Bisher gibt es in Ebersbach bereits Betreuung im Rahmen der Verlässlichen Grundschule, es gibt die Kernzeitenbetreuung, die Ganztagsbetreuung an der Hardtschule und das Nachmittagsangebot an der Marktschule. Langfristig will die Stadtverwaltung an jeder Grundschule montags bis freitags von 7 bis 17 Uhr Betreuung bieten, sofern mehr als fünf Kinder zusammenkommen. Gruppen bis zu 20 Kinder würden ab zehn Kindern von einer Fachkraft und einer Betreuungskraft geführt.

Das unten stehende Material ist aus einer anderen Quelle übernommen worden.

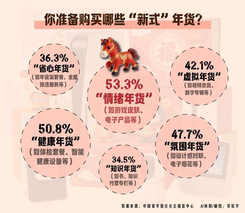 春节临近,社交媒体上掀起一股“新式”年货分享潮。除了传统的食材、礼品礼盒,各种“电子年货”、潮玩好物开始出现在年轻人的年货清单上。近日,中国青年报社社会调查中心联合问卷网(wenjuan.com)进行的一项有1335名受访者参与的调查显示,超九成(95.4%)受访者准备购买“新式”年货。为自己买的“情绪年货”(53.3%)、送给家人的“健康年货”(50.8%)是更受青睐的“新式”年货。

Abgedeckt würden künftig die Ferienzeiten bis auf die Weihnachtsferien und zwei Wochen Sommerferien, dies aber vermutlich nicht an jeder Schule, sondern zentral fürs Stadtgebiet, sagt die Ebersbacher Sozialmanagerin Rebecca Harscher. Das Angebot soll sich am Bedarf ausrichten. Betreuung gibt es bereits in den Faschings-, Pfingst- und Sommerferien, wobei man dies künftig etwas anders strukturieren würde. Der Bedarf an Schülerbetreuung wachse analog zur Kindergartenbetreuung, weil beides Müttern die Berufstätigkeit ermögliche, so Harscher. "Wir bauen von unten herauf auf und können nicht bei der Schule aufhören", warnt sie.

Beraten wird das Konzept erst im April. Es würde gegebenenfalls schrittweise umgesetzt. Stadträtin Gabriele Ebensperger nannte es schon mal "ambitioniert" mit einer Betreuung von 7 bis 17 Uhr, sieht es aber nur als Übergangsregelung bis zur Einführung der Grundschul-ganztagesschule bis 2020. "Das ist nicht die Zukunft."

Ingrid Scherr sorgte sich um eine Unterbezahlung der Fachkräfte. Die müssten mit Erzieherinnen im Kindergarten gleichgestellt werden. "Wir müssen nachjustieren, wir brauchen qualitativ gutes Personal." Wie die Rechnung für die Stadt aussieht, ist noch nicht heraus. Sie rechnet mit einem Zuschuss vom Land, über die Elternbeiträge wäre noch zu sprechen. Brigitte Kreisinger forderte, Elternbeiträge für die Ferienbetreuung müssten im Gleichklang mit den Kindergartenbeiträgen stehen.